Records for this exercise:
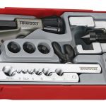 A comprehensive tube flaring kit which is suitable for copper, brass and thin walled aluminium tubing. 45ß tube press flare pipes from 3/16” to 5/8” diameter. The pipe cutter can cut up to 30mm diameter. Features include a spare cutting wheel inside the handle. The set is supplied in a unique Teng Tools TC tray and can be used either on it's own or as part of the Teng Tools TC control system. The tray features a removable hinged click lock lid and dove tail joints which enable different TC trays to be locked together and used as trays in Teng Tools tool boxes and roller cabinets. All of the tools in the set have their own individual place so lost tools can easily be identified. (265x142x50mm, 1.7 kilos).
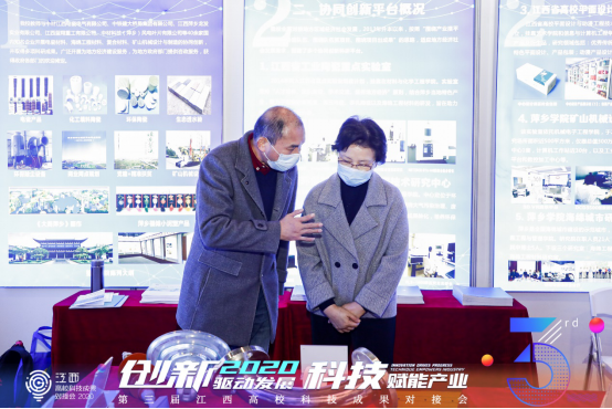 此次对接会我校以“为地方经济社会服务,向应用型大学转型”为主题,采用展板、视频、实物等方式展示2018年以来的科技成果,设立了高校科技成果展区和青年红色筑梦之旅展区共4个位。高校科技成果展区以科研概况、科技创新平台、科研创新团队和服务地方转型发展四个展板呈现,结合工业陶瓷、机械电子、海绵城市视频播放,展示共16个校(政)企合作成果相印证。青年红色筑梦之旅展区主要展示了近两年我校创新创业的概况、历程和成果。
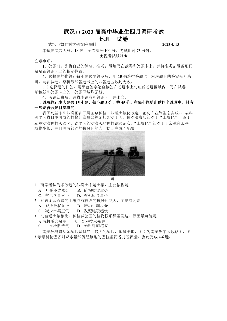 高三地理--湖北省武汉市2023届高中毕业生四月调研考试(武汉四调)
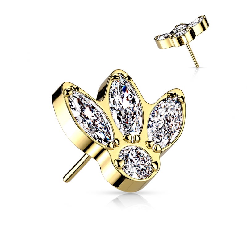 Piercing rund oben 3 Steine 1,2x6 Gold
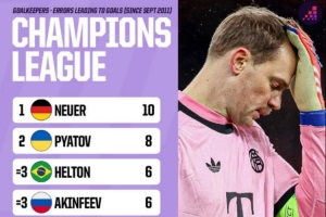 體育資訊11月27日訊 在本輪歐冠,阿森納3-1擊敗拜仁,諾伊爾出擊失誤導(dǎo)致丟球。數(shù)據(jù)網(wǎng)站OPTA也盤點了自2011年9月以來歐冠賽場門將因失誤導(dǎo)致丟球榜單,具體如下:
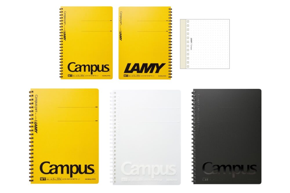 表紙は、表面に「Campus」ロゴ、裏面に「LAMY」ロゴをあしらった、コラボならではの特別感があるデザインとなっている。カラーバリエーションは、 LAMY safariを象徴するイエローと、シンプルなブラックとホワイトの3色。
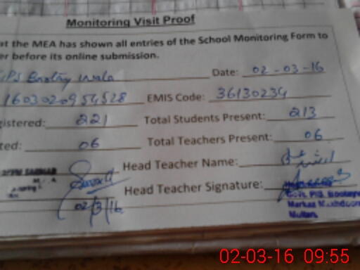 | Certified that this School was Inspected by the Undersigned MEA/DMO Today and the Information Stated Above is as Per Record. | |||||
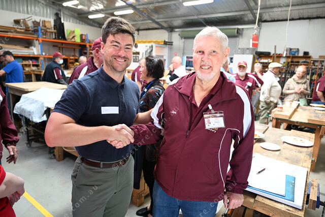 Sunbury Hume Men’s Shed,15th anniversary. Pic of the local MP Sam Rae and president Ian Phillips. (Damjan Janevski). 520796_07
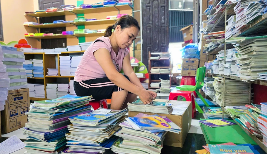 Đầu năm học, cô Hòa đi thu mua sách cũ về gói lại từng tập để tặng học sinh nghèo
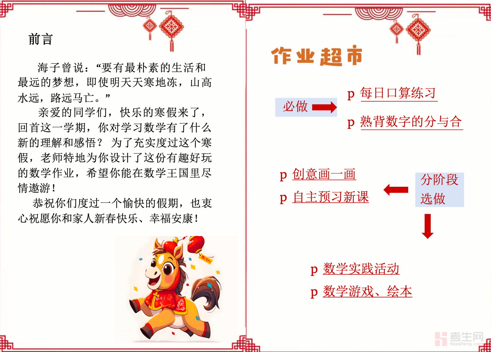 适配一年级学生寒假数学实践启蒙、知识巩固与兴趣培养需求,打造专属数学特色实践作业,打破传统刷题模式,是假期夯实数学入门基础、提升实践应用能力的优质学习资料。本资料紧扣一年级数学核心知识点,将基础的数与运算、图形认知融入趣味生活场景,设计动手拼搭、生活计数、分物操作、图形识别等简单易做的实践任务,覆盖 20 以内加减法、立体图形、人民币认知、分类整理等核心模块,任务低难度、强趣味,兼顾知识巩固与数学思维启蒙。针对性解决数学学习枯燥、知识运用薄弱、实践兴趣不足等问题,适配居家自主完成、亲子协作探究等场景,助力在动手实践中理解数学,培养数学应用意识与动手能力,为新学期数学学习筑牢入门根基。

Your objective: All of the data, minus its pictures, should be repeated exactly.

Task output:
 A comprehensive tube flaring kit which is suitable for copper, brass and thin walled aluminium tubing. 45ß tube press flare pipes from 3/16” to 5/8” diameter. The pipe cutter can cut up to 30mm diameter. Features include a spare cutting wheel inside the handle. The set is supplied in a unique Teng Tools TC tray and can be used either on it's own or as part of the Teng Tools TC control system. The tray features a removable hinged click lock lid and dove tail joints which enable different TC trays to be locked together and used as trays in Teng Tools tool boxes and roller cabinets. All of the tools in the set have their own individual place so lost tools can easily be identified. (265x142x50mm, 1.7 kilos).
 此次对接会我校以“为地方经济社会服务,向应用型大学转型”为主题,采用展板、视频、实物等方式展示2018年以来的科技成果,设立了高校科技成果展区和青年红色筑梦之旅展区共4个位。高校科技成果展区以科研概况、科技创新平台、科研创新团队和服务地方转型发展四个展板呈现,结合工业陶瓷、机械电子、海绵城市视频播放,展示共16个校(政)企合作成果相印证。青年红色筑梦之旅展区主要展示了近两年我校创新创业的概况、历程和成果。
 高三地理--湖北省武汉市2023届高中毕业生四月调研考试(武汉四调)
 Piercing rund oben 3 Steine 1,2x6 Gold
 體育資訊11月27日訊 在本輪歐冠,阿森納3-1擊敗拜仁,諾伊爾出擊失誤導(dǎo)致丟球。數(shù)據(jù)網(wǎng)站OPTA也盤點了自2011年9月以來歐冠賽場門將因失誤導(dǎo)致丟球榜單,具體如下:
 表紙は、表面に「Campus」ロゴ、裏面に「LAMY」ロゴをあしらった、コラボならではの特別感があるデザインとなっている。カラーバリエーションは、 LAMY safariを象徴するイエローと、シンプルなブラックとホワイトの3色。
 | Certified that this School was Inspected by the Undersigned MEA/DMO Today and the Information Stated Above is as Per Record. | |||||
 Sunbury Hume Men’s Shed,15th anniversary. Pic of the local MP Sam Rae and president Ian Phillips. (Damjan Janevski). 520796_07
 Đầu năm học, cô Hòa đi thu mua sách cũ về gói lại từng tập để tặng học sinh nghèo
 适配一年级学生寒假数学实践启蒙、知识巩固与兴趣培养需求,打造专属数学特色实践作业,打破传统刷题模式,是假期夯实数学入门基础、提升实践应用能力的优质学习资料。本资料紧扣一年级数学核心知识点,将基础的数与运算、图形认知融入趣味生活场景,设计动手拼搭、生活计数、分物操作、图形识别等简单易做的实践任务,覆盖 20 以内加减法、立体图形、人民币认知、分类整理等核心模块,任务低难度、强趣味,兼顾知识巩固与数学思维启蒙。针对性解决数学学习枯燥、知识运用薄弱、实践兴趣不足等问题,适配居家自主完成、亲子协作探究等场景,助力在动手实践中理解数学,培养数学应用意识与动手能力,为新学期数学学习筑牢入门根基。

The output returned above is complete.